After this i tried switching off the AdSense block, after this i didn’t get crawled after creating another staticpage.
Looks like google crawls all referrers it gets on adsense it doesn’t allready know.
Hope this helps, Falconey
Maybe this use of rss feeds allows Google’s bots to crawl irregularly updated pages more efficiently.
When crawling the entire web this sort of prompted crawling could mean big savings in computer time and server space.
Just Checking
Nice, I learnt something about Julius Caesar while reading about GoogleBot. Thanks Matt.
google bought blogger, is crawling blogs, and is launching gmail (wich searches each email you send for keywords) for the same reason. They want to know what people are talking about. By doing this, they know what subjects are currently of interest to people all over the world. By knowing what keywords are of interest to people, they should be able to predict the tide of public interest faster than any one else. That should give them insight into the psyche of a lot of consumers. That has to be worth something.
I’m seeing Googlebot requests for atom.xml and index.rdf, too, despite the fact that I’ve don’t use those filenames. Googlebot *is* following the 301 redirects to the real files. Googlebot is *not* requesting those files from my non-blogging domain names, so it must be pre-filtering for blogs before guessing filenames (my blog CMS is homebrew, FWIW). Incidentally, I’m seeing the exact same behavior from AskJeeves, but nobody else has mentioned that. I’m guessing nobody cares about AskJeeves?
Incidentally, I’m also seeing AskJeeves’s bot flailing
I use a free blog at BlogEasy for keeping track of interesting articles and such. They have a great interface for checking out your site statistics and what search bots are hitting your site. I’ve noticed that the GoogleBot has been hitting the site a lot.
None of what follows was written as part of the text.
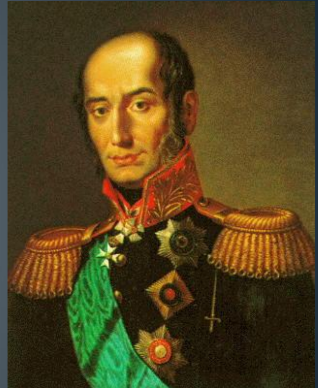
Генерал М.Б. Барклай-де-Толли

More than usual and it can’t just be the front page. It’s probably looking for atom.xml and index.rdf as well. I wonder if it can detect that your site is a blog site maybe based on a keyword or domain name. Once it knows you are a blog site it’ll start looking for blog-related syndication feeds.
I’ve noticed this activity on my site as well. What is Google up to?
I ended up using ModRewrite to direct google to the correct files. Now they should be able to find them :).
Alex
http://www.tivoblog.com
I was sad to learn that Evan willaims is leving google/blogger, I hope the IPO was good to him.
Falconey, Google spiders your new pages very quickly when you have an Adsense block on them because that’s how Adsense knows what adverts to put on the page. If it didn’t spider them you’d either get a blank block or the charity adverts (depending on the setup of your Adsense code.)
However, I have noticed that a few months ago they started using the words in the URL to supply information for the Adsense adverts if they can’t spider the actual page, because I started getting relatively related adverts on my test server, which is on localhost and not spiderable.